Some of the oldest media organizations in the world illegally colluded with Big Tech companies to censor news publishers, according to a new lawsuit.
Reuters, the Associated Press, the BBC, and the other organizations violated U.S. law with the collusion, which was done after forming a new coalition called the Trusted News Initiative (TNI), the 108-page suit alleges.
The coalition was formed in 2020 to try to stop “harmful disinformation myths” and “fake news,” according to the BBC. Jessica Cecil of the BBC, the former head of TNI, has described the coalition as “cooperation between tech and media,” with the work including finding “practical ways to choke off” alleged false information from sources that aren’t part of the group.
That led to Big Tech censorship of competitors to the media organizations, such as Children’s Health Defense, a nonprofit that seeks to raise awareness of vaccine safety concerns, the nonprofit said in the new suit.
But the TNI has actually deemed accurate or possibly true information as false, including the possibility that COVID-19 originated from a laboratory in China, Children’s Health Defense says.
“While the ‘Trusted News Initiative’ publicly purports to be a self-appointed ’truth police‘ extirpating online ’misinformation,’ in fact it has suppressed wholly accurate and legitimate reporting in furtherance of the economic self-interest of its members,” the suit says. “The TNI did not only prevent Internet users from making these claims; it shut down online news publishers who simply reported that such claims were being made by potentially credible sources, such as scientists and physicians.”
The suppression of competitors was done so out of economic self-interest and violated a U.S. law called the Sherman Act that bars a “group boycotts,” the complaint says.
Previous court rulings have defined a group boycott as “a concerted attempt by a group of competitors” to “disadvantage competitors by either directly denying or persuading or coercing suppliers or customers to deny relationships the competitors need in the competitive struggle” and as ”cut[ting] off access to a supply, facility, or market necessary to enable the boycotted firm to compete.”
Children’s Health Defense and the other plaintiffs, including Jim Hoft, who founded the Gateway Pundit website, say they’ve lost millions of dollars due to censorship they’ve experienced.
They’re asking a federal court in Louisiana to enter an order declaring the conduct by the media organizations to be illegal. They also want an order barring the defendants from participating in the TNI and working together to boycott and censor other publishers, and are requesting damages.

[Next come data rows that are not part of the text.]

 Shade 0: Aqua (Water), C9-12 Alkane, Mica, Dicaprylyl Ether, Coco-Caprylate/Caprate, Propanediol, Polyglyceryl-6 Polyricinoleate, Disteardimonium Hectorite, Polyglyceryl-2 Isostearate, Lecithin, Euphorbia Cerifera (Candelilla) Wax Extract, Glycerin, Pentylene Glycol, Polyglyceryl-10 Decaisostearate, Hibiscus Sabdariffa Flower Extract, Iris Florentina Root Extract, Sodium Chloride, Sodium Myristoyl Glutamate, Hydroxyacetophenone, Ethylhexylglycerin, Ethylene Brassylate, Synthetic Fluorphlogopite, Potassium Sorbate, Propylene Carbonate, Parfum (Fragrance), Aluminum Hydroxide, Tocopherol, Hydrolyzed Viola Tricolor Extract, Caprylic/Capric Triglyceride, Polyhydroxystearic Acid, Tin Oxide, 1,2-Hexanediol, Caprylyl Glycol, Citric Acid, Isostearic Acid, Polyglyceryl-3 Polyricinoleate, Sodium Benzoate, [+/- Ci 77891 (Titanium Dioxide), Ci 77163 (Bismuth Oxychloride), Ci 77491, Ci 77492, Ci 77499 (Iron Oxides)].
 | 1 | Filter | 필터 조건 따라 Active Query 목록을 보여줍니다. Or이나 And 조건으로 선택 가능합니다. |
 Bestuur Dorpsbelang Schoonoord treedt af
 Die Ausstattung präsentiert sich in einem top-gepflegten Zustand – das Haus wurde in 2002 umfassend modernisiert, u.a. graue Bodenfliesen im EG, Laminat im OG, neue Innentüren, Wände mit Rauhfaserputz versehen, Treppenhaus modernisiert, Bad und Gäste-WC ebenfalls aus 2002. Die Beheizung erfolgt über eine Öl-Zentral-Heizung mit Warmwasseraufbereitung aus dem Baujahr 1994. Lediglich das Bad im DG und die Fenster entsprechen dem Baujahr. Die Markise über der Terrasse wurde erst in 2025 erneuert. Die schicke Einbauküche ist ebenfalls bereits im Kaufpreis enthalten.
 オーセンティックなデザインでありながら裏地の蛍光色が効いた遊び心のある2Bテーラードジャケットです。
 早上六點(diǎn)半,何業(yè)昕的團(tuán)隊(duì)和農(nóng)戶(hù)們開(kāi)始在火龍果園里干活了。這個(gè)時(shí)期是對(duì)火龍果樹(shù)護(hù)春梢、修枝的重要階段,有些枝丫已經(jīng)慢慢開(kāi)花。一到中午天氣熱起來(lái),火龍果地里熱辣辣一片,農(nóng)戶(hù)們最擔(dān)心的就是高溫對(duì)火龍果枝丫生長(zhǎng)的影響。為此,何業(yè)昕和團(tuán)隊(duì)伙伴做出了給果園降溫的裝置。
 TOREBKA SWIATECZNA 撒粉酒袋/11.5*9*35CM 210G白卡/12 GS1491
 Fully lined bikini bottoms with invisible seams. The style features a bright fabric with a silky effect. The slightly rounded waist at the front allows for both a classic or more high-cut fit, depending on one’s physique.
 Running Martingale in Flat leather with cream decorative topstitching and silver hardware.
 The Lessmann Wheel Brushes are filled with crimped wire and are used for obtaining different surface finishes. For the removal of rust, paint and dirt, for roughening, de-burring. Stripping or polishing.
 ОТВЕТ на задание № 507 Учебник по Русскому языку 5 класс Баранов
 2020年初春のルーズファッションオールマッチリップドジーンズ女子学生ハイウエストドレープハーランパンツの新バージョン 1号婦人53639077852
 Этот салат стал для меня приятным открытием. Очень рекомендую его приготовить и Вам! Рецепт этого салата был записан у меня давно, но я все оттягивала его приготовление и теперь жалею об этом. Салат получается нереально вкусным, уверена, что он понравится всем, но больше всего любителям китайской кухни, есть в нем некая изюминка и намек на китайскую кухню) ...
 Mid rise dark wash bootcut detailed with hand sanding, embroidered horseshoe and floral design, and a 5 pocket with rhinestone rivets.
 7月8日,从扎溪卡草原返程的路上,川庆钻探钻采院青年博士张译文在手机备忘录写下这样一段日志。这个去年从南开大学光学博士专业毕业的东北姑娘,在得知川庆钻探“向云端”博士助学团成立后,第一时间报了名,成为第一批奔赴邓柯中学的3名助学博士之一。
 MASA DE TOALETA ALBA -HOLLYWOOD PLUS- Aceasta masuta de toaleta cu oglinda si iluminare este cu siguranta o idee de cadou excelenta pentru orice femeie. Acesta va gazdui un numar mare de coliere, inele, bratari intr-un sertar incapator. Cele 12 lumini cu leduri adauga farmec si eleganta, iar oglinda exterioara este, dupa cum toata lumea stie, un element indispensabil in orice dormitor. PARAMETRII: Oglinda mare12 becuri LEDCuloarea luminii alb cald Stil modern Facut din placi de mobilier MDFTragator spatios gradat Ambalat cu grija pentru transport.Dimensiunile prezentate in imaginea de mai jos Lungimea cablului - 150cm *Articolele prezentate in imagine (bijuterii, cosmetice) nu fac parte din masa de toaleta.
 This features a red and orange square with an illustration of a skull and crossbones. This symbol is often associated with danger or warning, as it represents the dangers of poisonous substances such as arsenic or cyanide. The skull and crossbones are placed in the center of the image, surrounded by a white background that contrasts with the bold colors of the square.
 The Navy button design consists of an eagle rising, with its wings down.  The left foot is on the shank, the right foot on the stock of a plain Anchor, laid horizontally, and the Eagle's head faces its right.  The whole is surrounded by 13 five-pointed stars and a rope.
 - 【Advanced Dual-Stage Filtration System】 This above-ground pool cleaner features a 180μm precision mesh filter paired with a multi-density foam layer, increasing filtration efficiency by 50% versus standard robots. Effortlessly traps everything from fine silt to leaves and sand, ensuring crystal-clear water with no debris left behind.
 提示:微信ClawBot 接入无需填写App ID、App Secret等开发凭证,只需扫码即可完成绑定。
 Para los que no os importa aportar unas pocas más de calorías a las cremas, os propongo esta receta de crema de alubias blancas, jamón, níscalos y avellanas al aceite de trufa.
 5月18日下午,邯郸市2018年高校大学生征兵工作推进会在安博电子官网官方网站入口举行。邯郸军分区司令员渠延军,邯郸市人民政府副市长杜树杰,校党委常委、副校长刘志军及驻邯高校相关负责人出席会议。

A Washington Post spokesperson told The Epoch Times in an email that the paper was not going to comment on pending litigation.
Spokespersons for the other defendants—Reuters, the Associated Press, and the BBC—did not respond to requests for comment. No Big Tech firms were named as defendants.
Robert F. Kennedy Jr., who is running as a Democrat for president, is chairman of Children’s Health Defense, but has been on leave since he announced his bid.
Flurry of Suits
That case, Missouri v. Biden, has revealed evidence through discovery and depositions that the federal government under presidents Donald Trump and Joe Biden successfully pressured Big Tech firms to crack down on users, even if the information they shared was true.A flurry of suits have been lodged in recent months based in part on the evidence.
A group of people with suspected or confirmed COVID-19 vaccine injuries sued Biden and top U.S. officials in May, alleging the officials violated their rights to free speech and peaceful assembly. Earlier that month, Hoft and his lawyers said in a suit that so-called disinformation researchers like Stanford University’s Alex Stamos illegally pressured social media platforms to censor users.
Children’s Health Defense was behind another suit filed in March against Biden, Surgeon General Vivek Murthy, and other officials, arguing their pressure campaign infringed on constitutional rights.
Government officials have argued that the suits lack merit.
In the Missouri case, lawyers for the government said that the public and private statements made by officials did not rise to the level of coercion, a standard established in previous rulings.
“Even if certain defendants ’requested‘ that, or urged, social media companies do more to contain misinformation, any content moderation decisions made by social media companies ultimately ’rested with’ those companies,” they said. “Even emphatic requests or strongly worded urging—President Biden saying failing to take action against misinformation results in ‘killing people’—do not plausibly amount to coercion.”
Doughty largely rejected the arguments when he spurned the government’s motion to dismiss the case, pointing to threats officials made “in an attempt to effectuate its censorship program.”
Murthy, for example, sent a formal request for information to the companies “as an implied threat of future regulation to pressure them to increase censorship,” the judge said.
He added, “The court finds that plaintiffs have plausibly alleged state action under the theory of significant encouragement and/or coercion.”